No caso dos adolescentes, o comportamento é especialmente preocupante, visto que eles adquirem hábitos que arrastarão para a fase adulta. Segundo pesquisas, 15% acabam por ler menos livros, em virtude do tempo que gastam ao estar conectados. A maioria dos adolescentes reconhece que está viciada. Por razões biológicas, esses jovens têm menos controle sobre os seus impulsos e por isso, maior dificuldade para dosar o uso dos seus aparelhos. Como o desenvolvimento cerebral é processado por etapas, acontece que a última região a maturar é o córtex pré-frontal, responsável pelo autocontrole, o que deixa o adolescente ainda mais à mercê do hábito viciante.

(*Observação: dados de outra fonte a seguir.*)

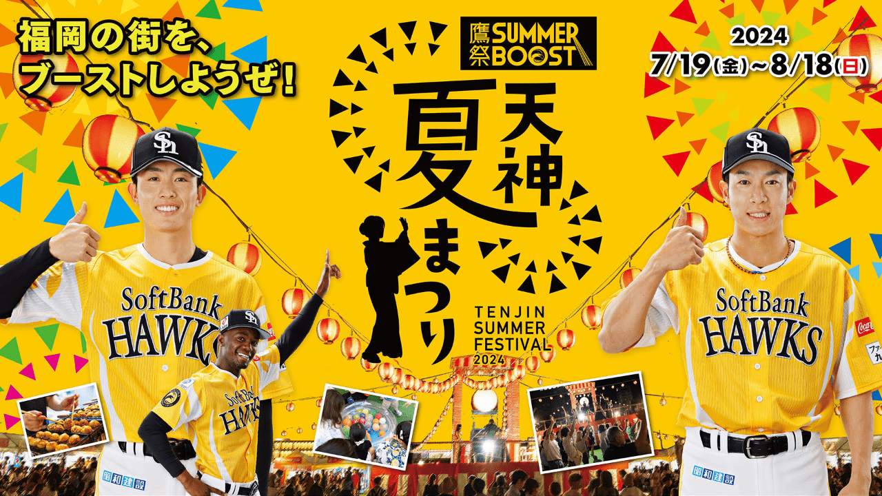 鷹祭 SUMMER BOOST meets 天神夏祭7月19日(金)~8月18日(日)全天福岡市役所西側ふれあい廣場無需門票豐富多彩的娛樂節目和攤位活動。

Para além dos aspetos negativos e perigosos, é justo também referir algumas vantagens relevantes e objetivas. Os celulares possuem o poder de nos conectar a um mundo que está ativo 24 horas por dia, o que por si só já é um fator de enorme sucesso. Eles contribuem também para dissolver alguns problemas emocionais graves do ser humano, como a solidão. O smartphone tornou-se uma espécie de espaço individual aconchegante. Ele funciona na zona de conforto, principalmente para aquelas pessoas que vivem nas grandes metrópoles. O seu potencial é enorme quando se trata de estabelecer e alimentar relacionamentos, mesmo que seja através da frieza e artificialidade da sua rede e estrutura.
Diante de toda essa realidade, é lícito perguntar qual será o futuro da humanidade que parece cada vez mais não abrir mão de um estilo de vida compartilhado, atraente e prático, mas que ao mesmo tempo parece comprometer profundamente a sua capacidade de criar laços naturais, profundos e duráveis. Inclusivamente quando a célula familiar, tão importante para a manutenção da espécie, parece dar graves sinais de fragilidade e balança por falta de capacitação e aproximação entre os elementos que a compõem.
É habitual, nestes casos, apelar-se para o bom senso, como último reduto para uma saída razoável e sustentável. Mas será que não é um pouco tarde?